Free enterprise offers us the hope of a better tomorrow. Conservatives like me want more people to succeed, more people to enjoy rising living standards, more people to own homes and shares and other items of value. My opponents’ caricature that Conservatives promote low pay for the many and greater inequality for the few is the opposite of the truth. Conservatives want greater prosperity for all, but accept there will continue to be inequalities in a free society.
Many socialists, in contrast, want to make us more equal by taxing those who are successful more heavily. They wish to regulate the private sector more, take more of its profits away, and punish those who work hard and pioneer new ways of doing and making things. The price of greater equality is far less freedom. They think this a price worth paying. When taken to extremes you end up in a world like communist eastern Europe prior to 1990. Even in such egalitarian societies the powerul political elite make sure they escape the privations of the many, with a privileged lifestyle that money could not buy.

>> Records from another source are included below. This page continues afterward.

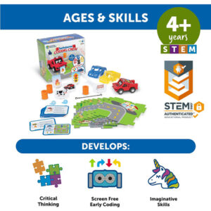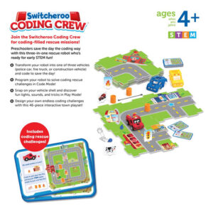 Este robô de codificação três em um está pronto para missões de resgate cheias de programação! Crianças em idade pré-escolar salvam o dia do jeito de programar quando exploram a diversão STEM desde cedo com a equipe de programação da Switcheroo da Learning Resources. Veja como cada missão com este brinquedo de codificação para crianças se desenrola: as crianças desenham um cartão de desafio de resgate de codificação, transformam seu robô de codificação em um dos três veículos (carro da polícia, caminhão de bombeiros ou veículo de construção) e programam para salvar o dia! Ao longo do caminho, eles aprenderão novas habilidades, desde STEM e codificação 100% livres de tela até pensamento crítico, lógica e muito mais! Quando não estão salvando o dia no Modo de Código, as crianças também podem colocar uma nova carcaça de veículo em seu robô de codificação e descobrir a luz, os sons e os truques do Modo Jogo. Cada projétil de veículo vem com seus próprios segredos interessantes! O Switcheroo Coding Crew vem com um conjunto de brinquedos interativo de 46 peças, para que as crianças possam acompanhar os desafios ou criar seus próprios desafios de resgate de STEM e codificação!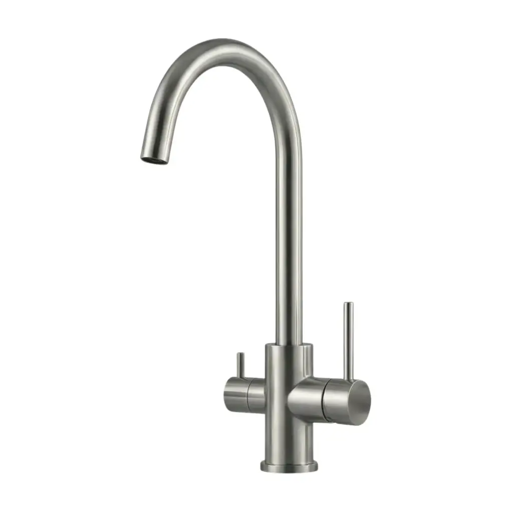 Die VANTO INOX 3-Wege-Armatur verbindet modernes Design mit klarer Funktionalität. Warm- und Kaltwasser sowie gefiltertes Trinkwasser werden über getrennte Leitungen geführt und komfortabel aus einer Armatur entnommen. Gefertigt aus massivem Edelstahl überzeugt VANTO durch hochwertige Verarbeitung, 360° Schwenkbarkeit und flexible Auslaufformen für unterschiedliche Küchensituationen.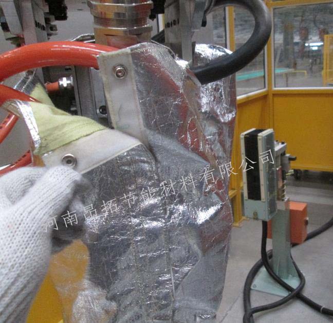 机器人复合防火罩主材料采用纯进纳米复合纤维,表面镀铝箔或涂层。具有超高强度、耐高温、阻燃、环保、美观等特点。机器人耐高温防护服辅料采用优质阻燃橡胶板、阻燃魔术扣、 阻燃橡筋等一系列优质阻燃材料。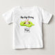 Haz que el primer cumpleaños de tu conejito sea aún más especial con esta adorable camiseta de invitado de honor. Con un lindo conejo asomándose desde un agujero en un parche de hierba, este dulce diseño en azul pastel es perfecto para una celebración primaveral o con tema de conejitos. El alegre texto "Hop Hop Hooray" da la bienvenida a los invitados, mientras que "Nuestro conejito [Nombre] cumple uno" en una fuente de letra suave y manuscrita añade un toque personal. La parte trasera presenta huellas de conejo juguetonas y espacio para detalles adicionales. Personaliza fácilmente todo el texto para que sea perfecto para tu celebración.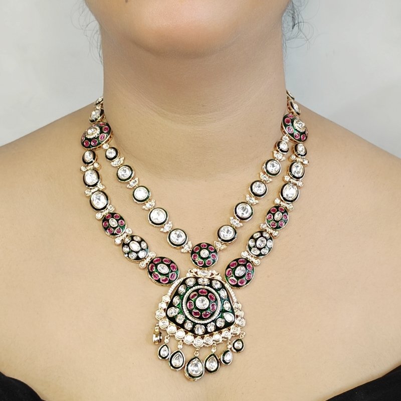This exquisite mid-length necklace set showcases a unique fusion design, combining the brilliance of cubic zirconia (CZ), Polki stones , and vibrant ruby red Pota stones. The pieces are elegantly framed by intricate green enamel work and detailed with delicate micro pearls along the outline, adding a touch of timeless elegance. The set includes a pair of matching dangling earrings and a beautifully designed Maang Tikka, making it the perfect choice for any special occasion.
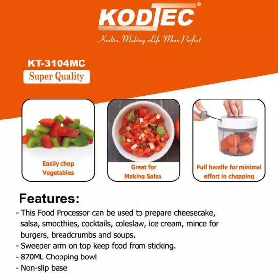 This Food Processor can be used to prepare cheesecake, salsa, smoothies, cocktails, coleslaw, ice cream, mince for burgers, breadcrumbs and soups. Sweeper arm on top keep food from sticking, With 870ML Chopping bowl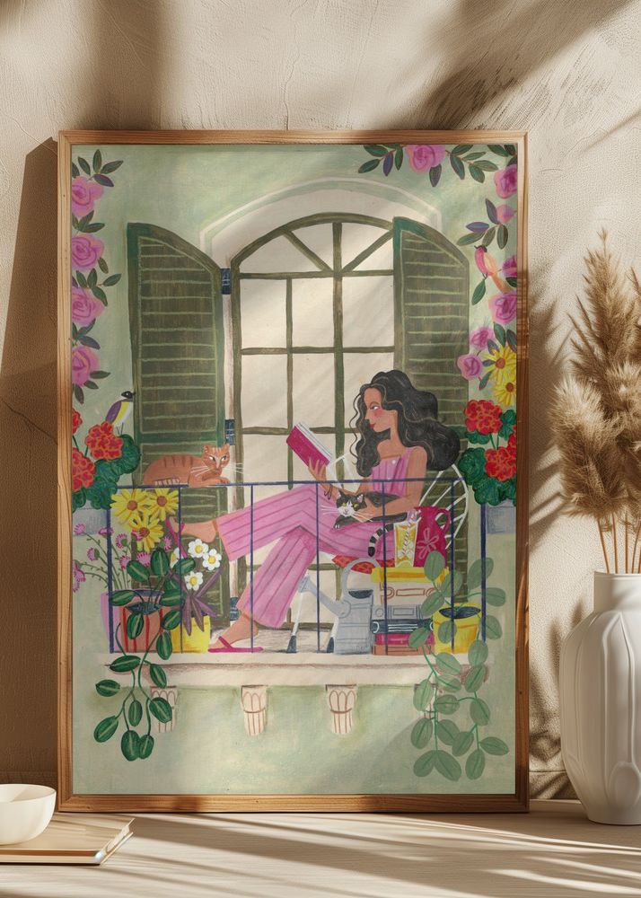 https://www.bgastore.at/Woman-reads-on-balcony-Poster-30x40-cm

I am not a natural legislator. I think we have too many laws, not too few. I am happier repealing laws than inventing new ones. MPs have in boxes full of lobby inspired campaigns to tax people and companies more, to stop them doing things, or to make them do things they are reluctant to do. The friendly socialist responds to these pressures by offering more tax breaks, subsidies and public spending programmes to move the world in the direction they want. The unfriendly socialist prefers to do it by criminalising more conduct and taxing more revenue.
One of the most pleasant surprises I have had doing the job of an MP is to discover that jealousy is not such a popular or universal emotion as many socialists seem to believe. Voters did not queue up to abolish by ballot the remaining grammar schools, even though most of them knewtheir children would not benefit. Many voters accept that a good entrepreneur who has worked hard and taken risks to make his or her money should be able to enjoy a decent proportion of the fruits of their labours. Most voters want to be able to pass some money on to the next generation, rather than wishing to make each generation start again with the state pocketing the gains of the dying. Most people want to own their own home and are pleased if it goes up in value. There is no desire for more people to be tenants of the state.
It is true that jealousy can come into some popular views, allied sometimes to a sense of fairness. Many share my view that state employees, whether in a subsidised bank or a great quango, should not be rewarded as if they were in the private sector on a performance bonus taking big risks with private money and subject to sudden loss of job if they get it wrong. Others dislike high pay however it is earned and whoever pays for it. Some dislike high pay selectively, condemning it for bankers but accepting it for footballers or the Governor of the Bank of England.
As a believer in free enterprise I am an optimist. During my life so far I have seen many people and whole societies become much richer and better served by the power of innovation and by the energy of the marketplace. We have been liberated from washday by the washing machine, from long walks to work and play by the car, from loneliness and boredom by the tv and the internet. Many more people now have better paid jobs, and no longer have the back breaking physical work of their grandparents.